• _The task_: Nothing but the images should be left out when the entries are restated word for word.

Data excerpts:
+ + +

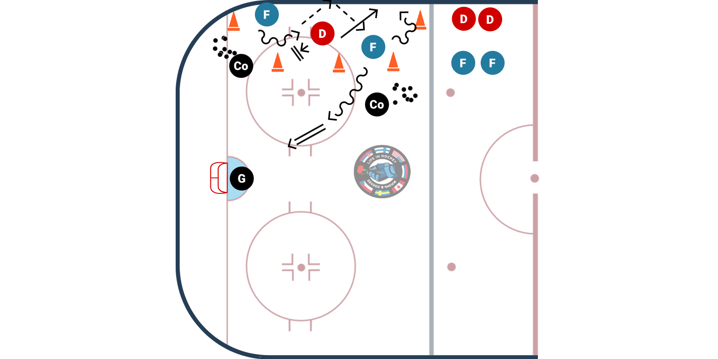 Цель игры заключается в том, чтобы нападающие сделали 4 передачи подряд. Если им это удается, они выигрывают и получают право бросить по воротам. Если защитник отбирает шайбу или шайба выходит за пределы площадки, выигрывает защитник и уже он получает право на бросок по воротам.
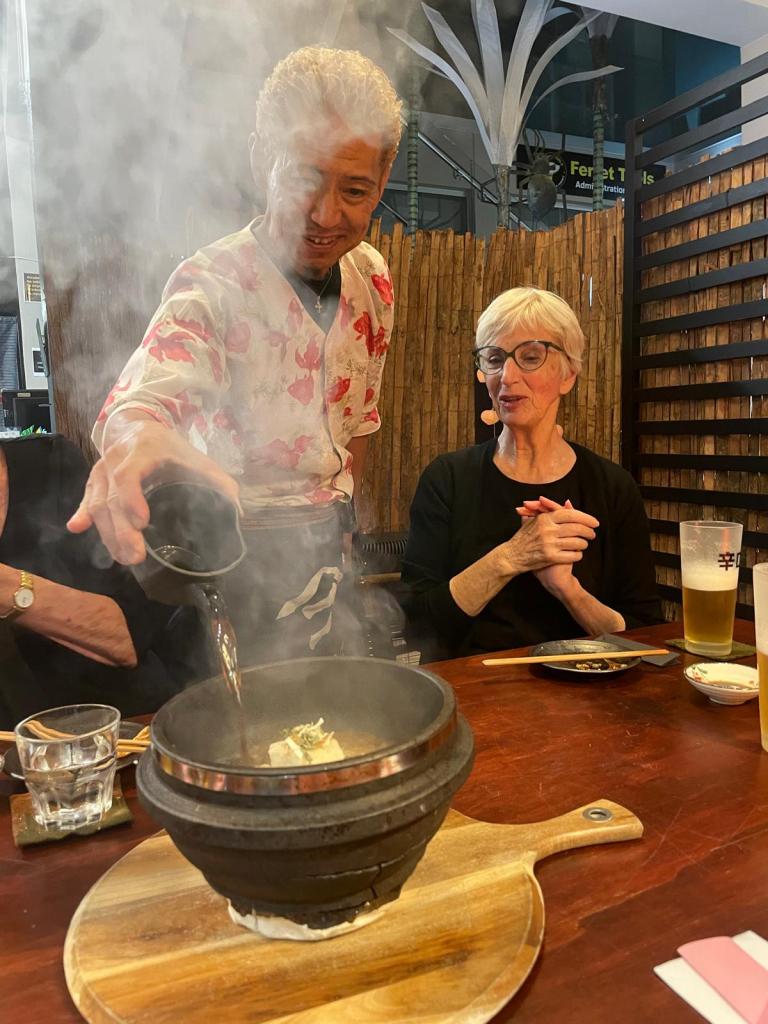 I don’t wish you to think I do nothing but write, and go on about this book, because I do get out and have fun in different ways. We have a Japanese restaurant Danryu down the road, and hearing its good reputation booked in with some friends. It wasn’t just good, it was stupendously good, and the host/chef a character and his wife delightful. So why not post this great image of my expression as chef presents the table with a bowl of agedashi tofu (silken tofu with sweetened sauce) heated in the most theatrical way.
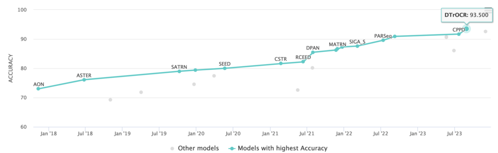 If you are looking for a model to immediately try out on a more serious task, a good starting point I can recommend from experience is the PARSeq model. It was State-of-the-Art, meaning it was first on most benchmarks, in 2022. However, in the time since it as only been superseded by a few percent points, so it remains relevant in 2024 as well.
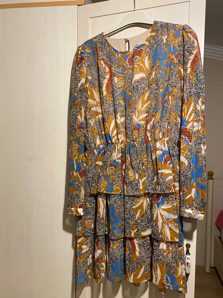 Kadın elbise belden oturmalı, uzun tül kolludur. Fırfır detaylı. efil efil kumaşı vardır. Deformesi yoktur. Ürün 2 kez giyilmiştir.
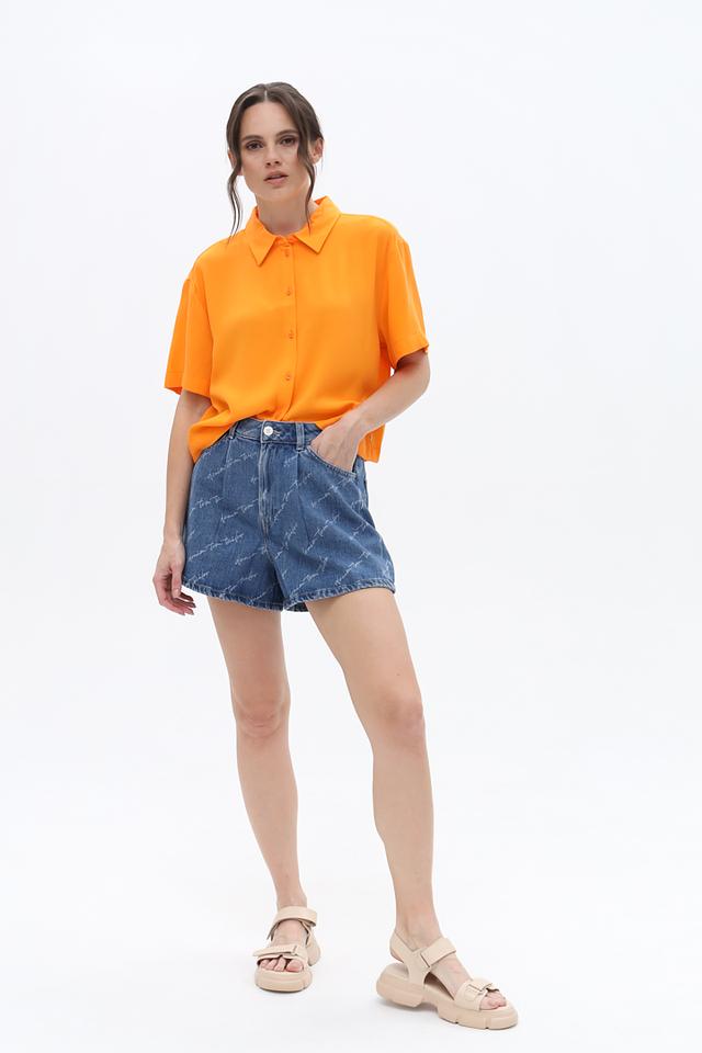 Шорты имеют удобную посадку, пояс на пуговицу и молнию, а также функциональные карманы. Высокая посадка подчеркивает талию и обеспечивает комфортную посадку.
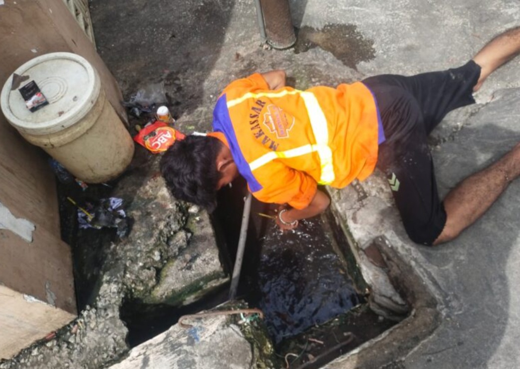 Terlihat di lokasi tepatnya di JL. Kapoposang, Satgas drainase Bontoala, melakukan pembersihan saluran drainase dengan mengangkat sedimen dan sampah plastik yang menghambat aliran air.
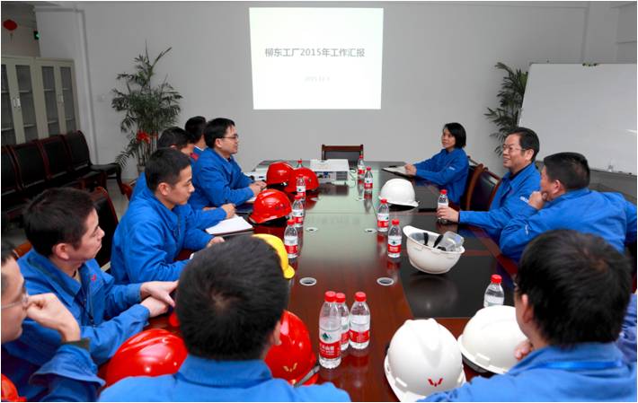 ? ??隨后,韋董一行來到公司柳東工廠進(jìn)行調(diào)研,在參觀生產(chǎn)現(xiàn)場后與柳東管理團(tuán)隊進(jìn)行座談。柳東工廠廠長黃輯匯報了2015年柳東工廠運(yùn)行情況及2016年業(yè)務(wù)突破。
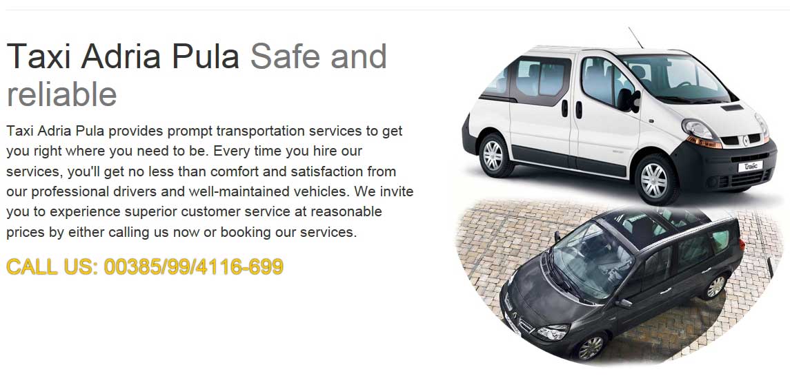 Taxi Adria Pula provides prompt transportation services to get you right where you need to be. Every time you hire our services, you’ll get no less than comfort and satisfaction from our professional drivers and well-maintained vehicles. We invite you to experience superior customer service at reasonable prices by either calling us now or booking our services.
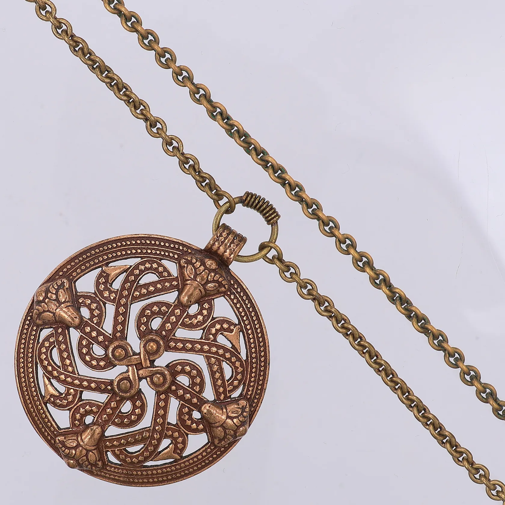 Collier Kalevala hängdel ca 65mm kedjan ca 78cm, brons, träs överhuvudet

+ + +

• _Your response_:
 Цель игры заключается в том, чтобы нападающие сделали 4 передачи подряд. Если им это удается, они выигрывают и получают право бросить по воротам. Если защитник отбирает шайбу или шайба выходит за пределы площадки, выигрывает защитник и уже он получает право на бросок по воротам.
 I don’t wish you to think I do nothing but write, and go on about this book, because I do get out and have fun in different ways. We have a Japanese restaurant Danryu down the road, and hearing its good reputation booked in with some friends. It wasn’t just good, it was stupendously good, and the host/chef a character and his wife delightful. So why not post this great image of my expression as chef presents the table with a bowl of agedashi tofu (silken tofu with sweetened sauce) heated in the most theatrical way.
 If you are looking for a model to immediately try out on a more serious task, a good starting point I can recommend from experience is the PARSeq model. It was State-of-the-Art, meaning it was first on most benchmarks, in 2022. However, in the time since it as only been superseded by a few percent points, so it remains relevant in 2024 as well.
 Kadın elbise belden oturmalı, uzun tül kolludur. Fırfır detaylı. efil efil kumaşı vardır. Deformesi yoktur. Ürün 2 kez giyilmiştir.
 Шорты имеют удобную посадку, пояс на пуговицу и молнию, а также функциональные карманы. Высокая посадка подчеркивает талию и обеспечивает комфортную посадку.
 Terlihat di lokasi tepatnya di JL. Kapoposang, Satgas drainase Bontoala, melakukan pembersihan saluran drainase dengan mengangkat sedimen dan sampah plastik yang menghambat aliran air.
 ? ??隨后,韋董一行來到公司柳東工廠進(jìn)行調(diào)研,在參觀生產(chǎn)現(xiàn)場后與柳東管理團(tuán)隊進(jìn)行座談。柳東工廠廠長黃輯匯報了2015年柳東工廠運(yùn)行情況及2016年業(yè)務(wù)突破。
 Taxi Adria Pula provides prompt transportation services to get you right where you need to be. Every time you hire our services, you’ll get no less than comfort and satisfaction from our professional drivers and well-maintained vehicles. We invite you to experience superior customer service at reasonable prices by either calling us now or booking our services.
 Collier Kalevala hängdel ca 65mm kedjan ca 78cm, brons, träs överhuvudet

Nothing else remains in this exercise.